Lakewood, William Walsh’s debut novel, is the story of one young man’s summer of discovery. Set during the Nixon years, it chronicles the journey of Robert English as he lays down old grief, finds and loses new love, and changes paths as he sets out on an odyssey to find himself and his place in the world. This well-written coming-of-age epistolary explores important truths about the transition from childhood to what comes after in a style reminiscent of J.D. Salinger. With a poet’s eye for detail and language, William Walsh has given us a story worth reading and remembering. —Raymond L. Atkins, author of Set List and Sweetwater Blues

“Lakewood is a wonderful novel, filled with the joys and suffering of a young man who agrees to house-sit during the summer of ’73 in the home where he grew up. Told in the pitch-perfect voice of a college student, it is filled with the pain of memory and hope for a new life. This is a strong, poignant story that will hold your attention like a secret room.” —Philip Lee Williams, author of Far Beyond the Gates

“I want what I say to be more than myself,’ introspective college student Robert English commits to his typescript journal in a summer of self-discovery spent housesitting for the new owners of his childhood home, the site of his sister’s death eleven years prior. William Walsh’s Lakewood takes us deeply into Robert’s wounded psyche as he navigates the hauntings of his past and the uncertainty of the future. His tribulations in love and betrayal, immersion into great novels, and discovery of long hidden secrets impart lessons for Robert and for Walsh’s readers of our capacity to understand and forgive ourselves and one another. Walsh has long established himself as a multifaceted Swiss Army knife of a writer, and Lakewood further distinguishes him as a masterful storyteller to be read again and again.” —Jonathan Haupt, co-editor of Our Prince of Scribes: Writers Remember Pat Conroy

Autorenporträt
William Walsh is the author of seven other books, including the award-winning collection of poems, Fly Fishing in Times Square (¿ervená Barva Press).
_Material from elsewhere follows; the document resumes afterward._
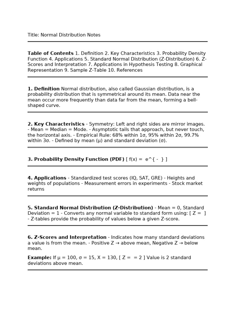 Normal Distribution Notes | PDF | Normal Distribution | Probability ...

He is the director of the Reinhardt University undergraduate creative writing program and the MFA program. Widely published in some of the finest journals including Five Points, The Georgia Review, The Kenyon Review, and Literary Matters, he is also known for his literary interviews, which have included: Czeslaw Milosz, Joseph Brodsky, A.R. Ammons, Richard Blanco, Eavan Boland, Pat Conroy, Harry Crews, James Dickey, Rita Dove, Mary Hood, Ursula Le Guin, Andrew Lytle, and Lee Smith. Born in Jamestown, NY and raised in Lakewood until moving south in 1972, his historical family has resided in Chautauqua County since pre-Revolutionary War. A graduate of Georgia State University and Vermont College, he resides in Atlanta with his family. He is the director of the undergraduate and graduate creative writing programs at Reinhardt University, in Waleska, where he teaches literature and creative writing. He is the editor of the James Dickey Review. When not writing, he spends time with his family, enjoys competitive tennis and golf, as well as playing chess internationally.